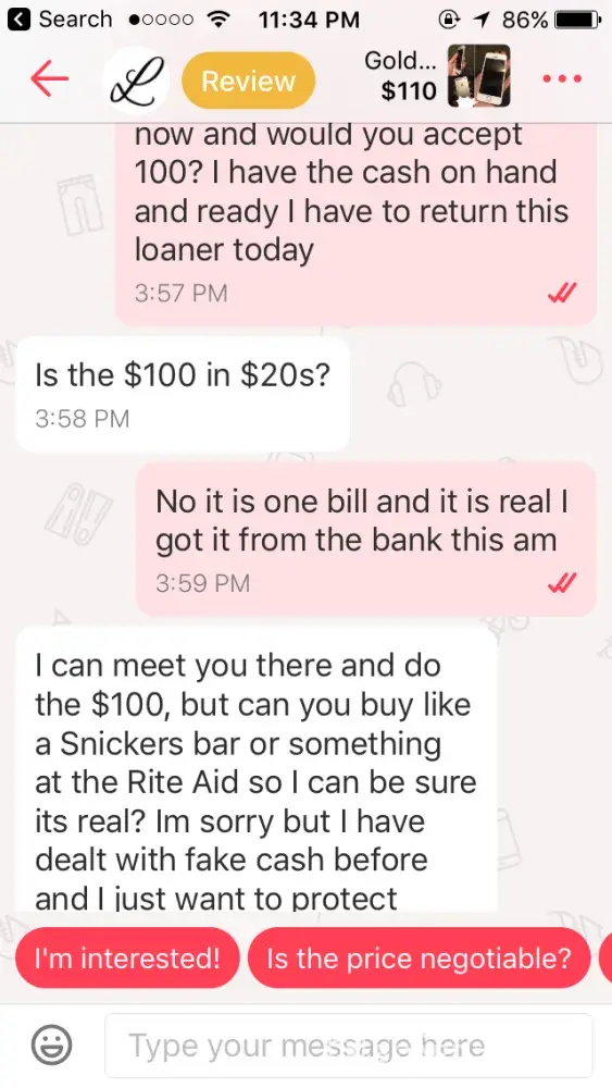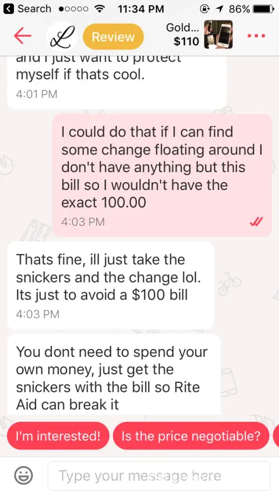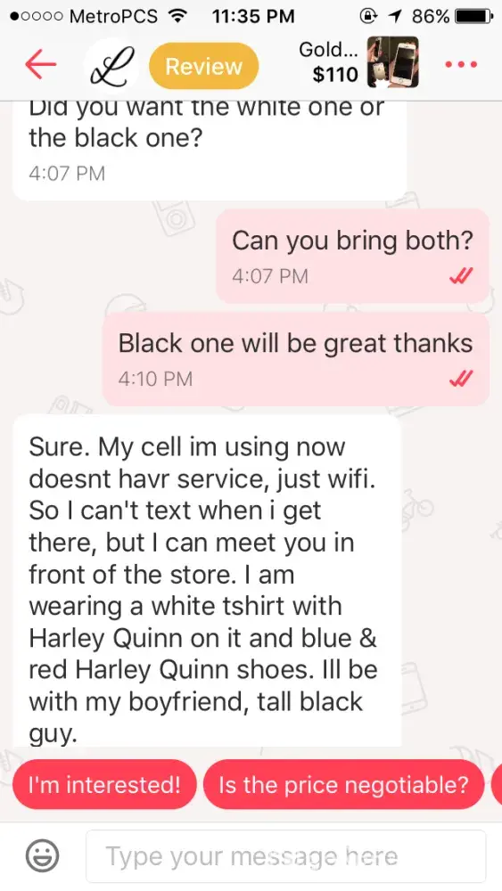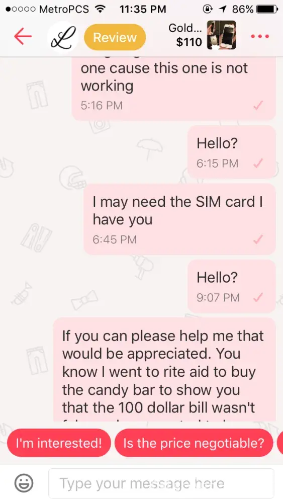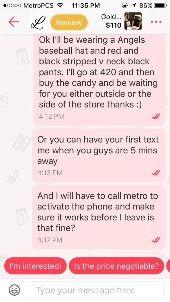Letgo bad review from a buyer who didn't show
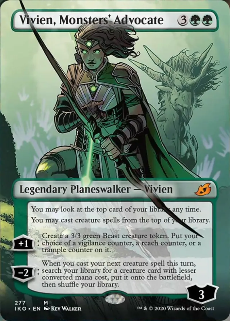 Vivien, Monsters' Advocate (Borderless) is a Mythic Rare in the set Ikoria: Lair of Behemoths.
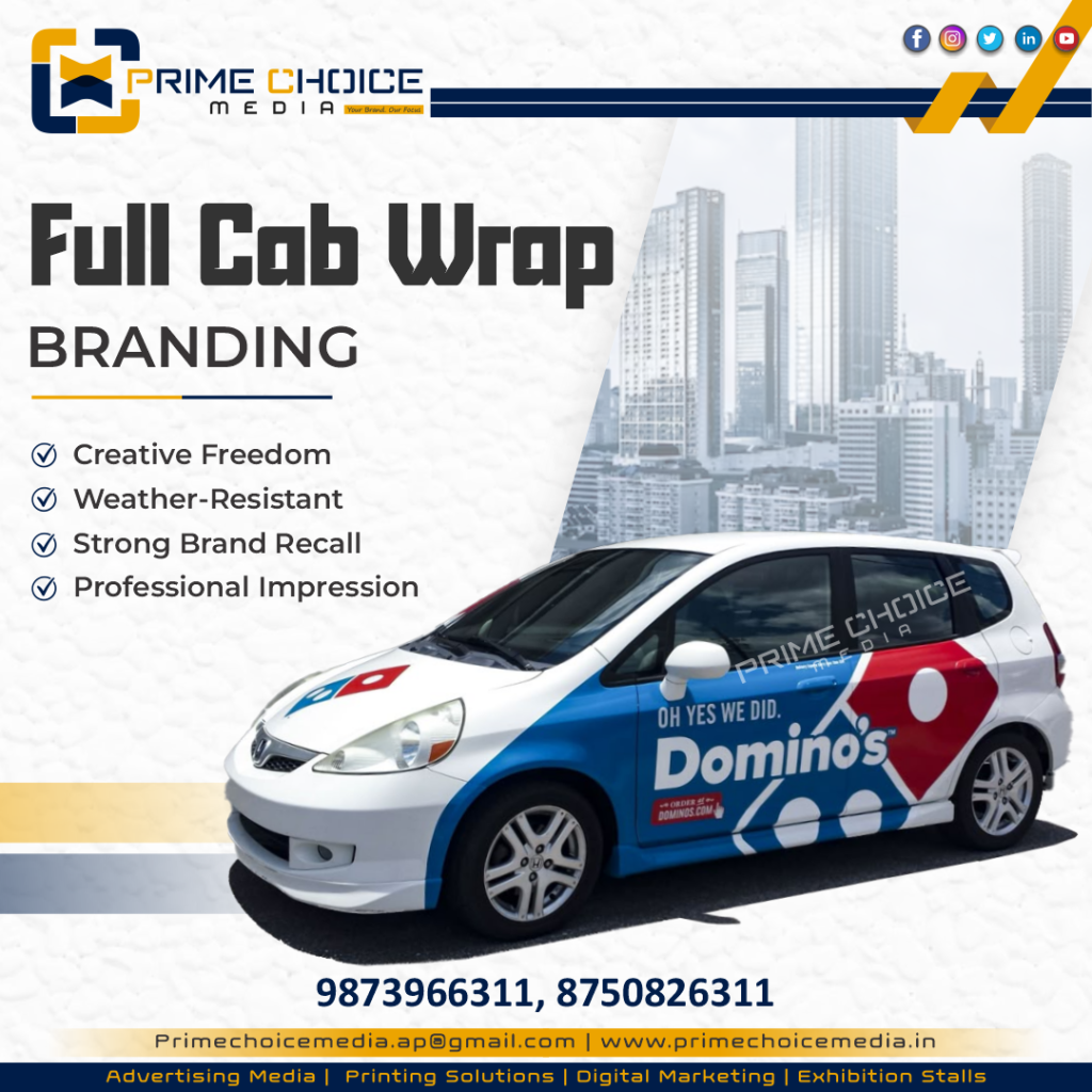 Full Cab Wrap Branding is a premium outdoor advertising solution that turns an entire cab into a powerful moving billboard. The complete exterior of the vehicle is wrapped with high-quality vinyl graphics, ensuring bold visuals and maximum brand exposure. As the cab travels across busy city roads, marketplaces, residential areas, and commercial hubs, your brand message reaches thousands of people daily. This format delivers strong visibility, repeated exposure, and excellent brand recall. Prime Choice Media provides end-to-end full cab wrap branding services, including creative design, high-resolution printing, and professional installation, making it ideal for product launches, app promotions, retail campaigns, real estate projects, and long-term brand awareness.
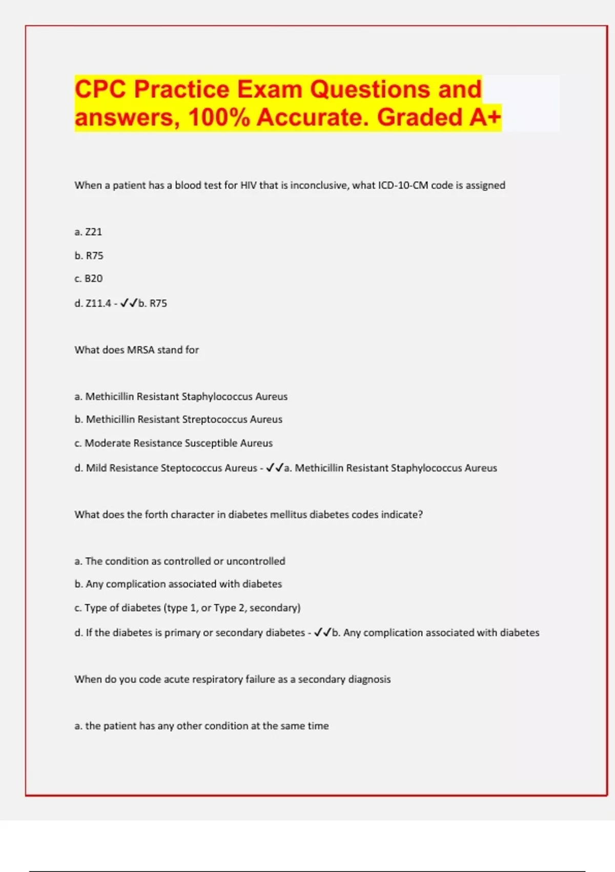 CPC exam- Practice Questions & answers. 100% Accurate. VERIFIED.
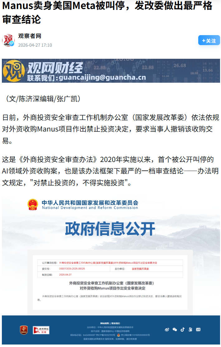 首先要明确,外商投资安全审查是国家主权的正当行使,中国依法依规禁止Meta收购Manus,维护国家安全和技术主权,这符合国际通行做法。 但是,我们也应理性看待。老胡认为,一方面企业调整注册地是市场行为,不必过度解读;另一方面,核心技术和数据如何从中国转移出境,才是监管的真正焦点。这提醒我们,中美博弈下科技企业跨境交易的合规风险正在全面上升。我这不是替谁辩解,纯属个人观点。 我们要看到,AIAgent赛道并没有等Manus,国产力量已经崛起。总体而言大方向是好的,个别企业起伏不影响中国科技竞争力提升的大局。
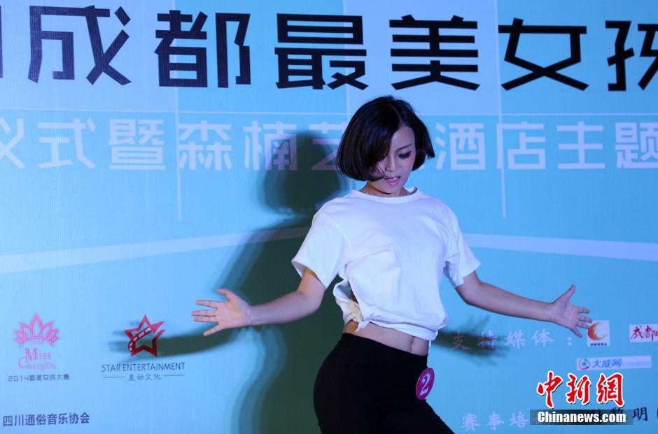A girl shows at the 2014 Miss Chengdu Contest. (Chinanews.com/Liu Zhongjun)
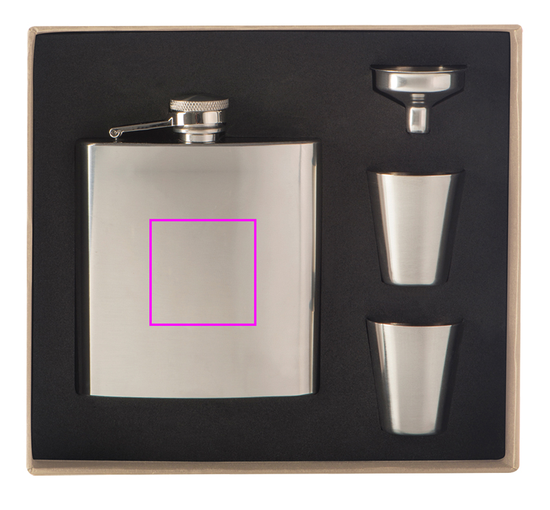 Beautiful set consisting of a hip flask (capacity 170 ml), two shot cups and a funnel, made of stainless steel. Your logo will be lasered on the hip flask.
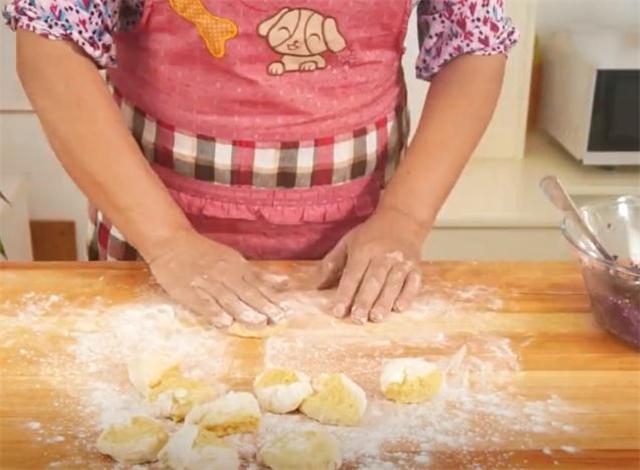 3.案板上撒些干面粉,现在我们把醒好的面拿出来,揉匀后分出一个个婴儿拳头大小的面剂子,稍微按扁一点包入紫薯。
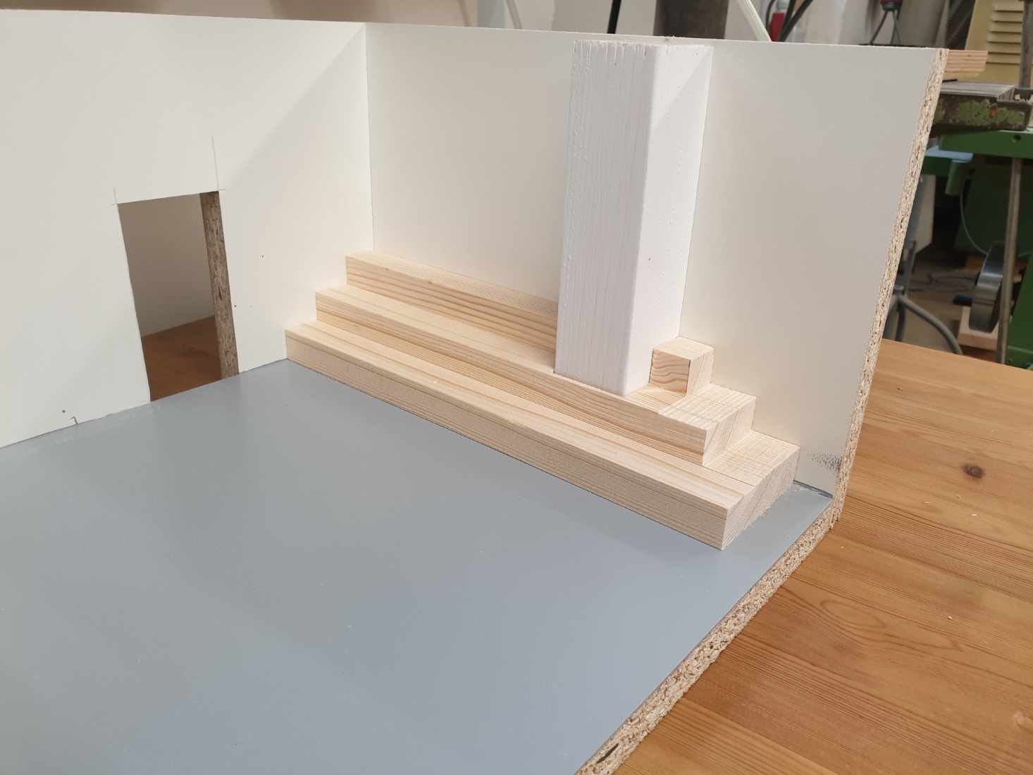 „Das war eine spannende Aufgabe, bei der wir alle Schritte vom Entwurf bis zur Umsetzung selbst durchgeführt haben“, erzählt Schreinermeister Martin Großmann, der das Team von aktuell acht Personen in der Schreinerei anleitet. „Wir haben von unserem Entwurf erstmal ein Modell gemacht. So bekommt man einen Eindruck, wie das Podest im Raum wirkt und kann alle Details genau abstimmen.“
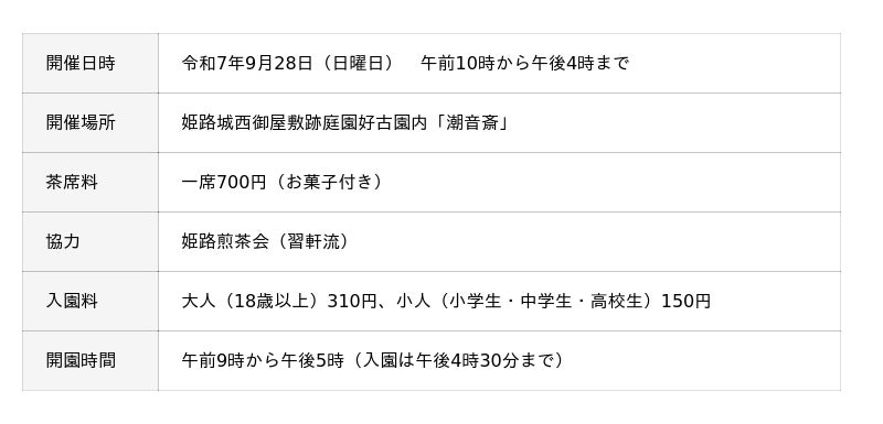 潮音斎にて煎茶道のお茶会を開催し、お点前を披露します。庭園を眺めながら、どなたでも気軽に楽しめるお茶会です。
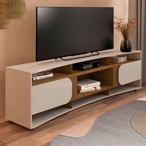 O(a) Rack para TV Até 86 Polegadas Seleto 2 Portas Off White/Pinho - Pnr Móveis é produzido em MDF e MDP na escala de brilho Fosca com Textura, e possui um grau de dificuldade de montagem: Médio.
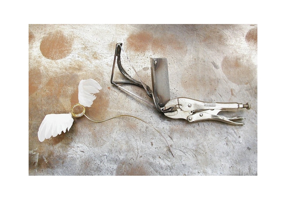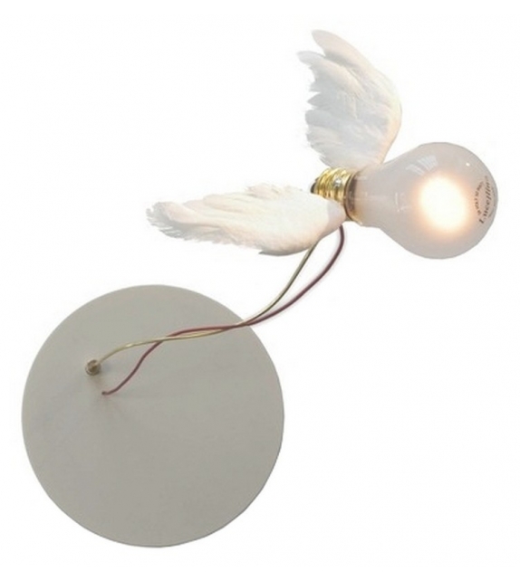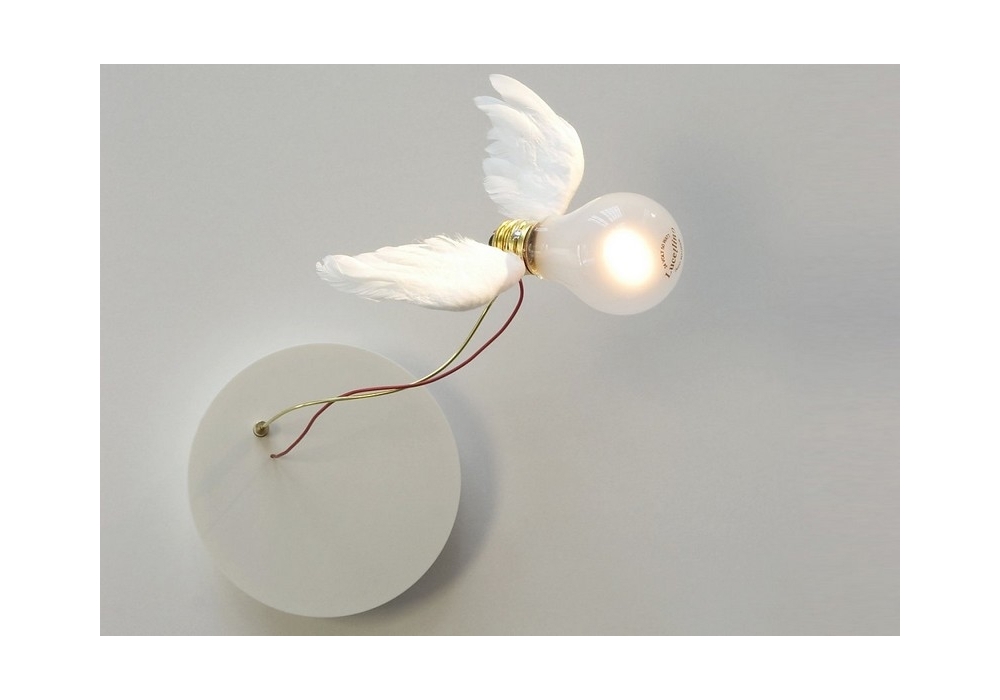 Lucellino NT conçue et produite par Ingo Maurer est une applique murale à LED, avec structure en verre, laiton, matière synthétique avec application d'ailes en plumes d'oie.
..........
▶ **EXERCISE DETAILS**:
Exactly repeat the material from its first line through the line with "Vivien, Monsters' Advocate", including both, and leave the pictures and everything else out.

▶ **PROBLEM SOLUTION**:
Letgo bad review from a buyer who didn't show
 Vivien, Monsters' Advocate (Borderless) is a Mythic Rare in the set Ikoria: Lair of Behemoths.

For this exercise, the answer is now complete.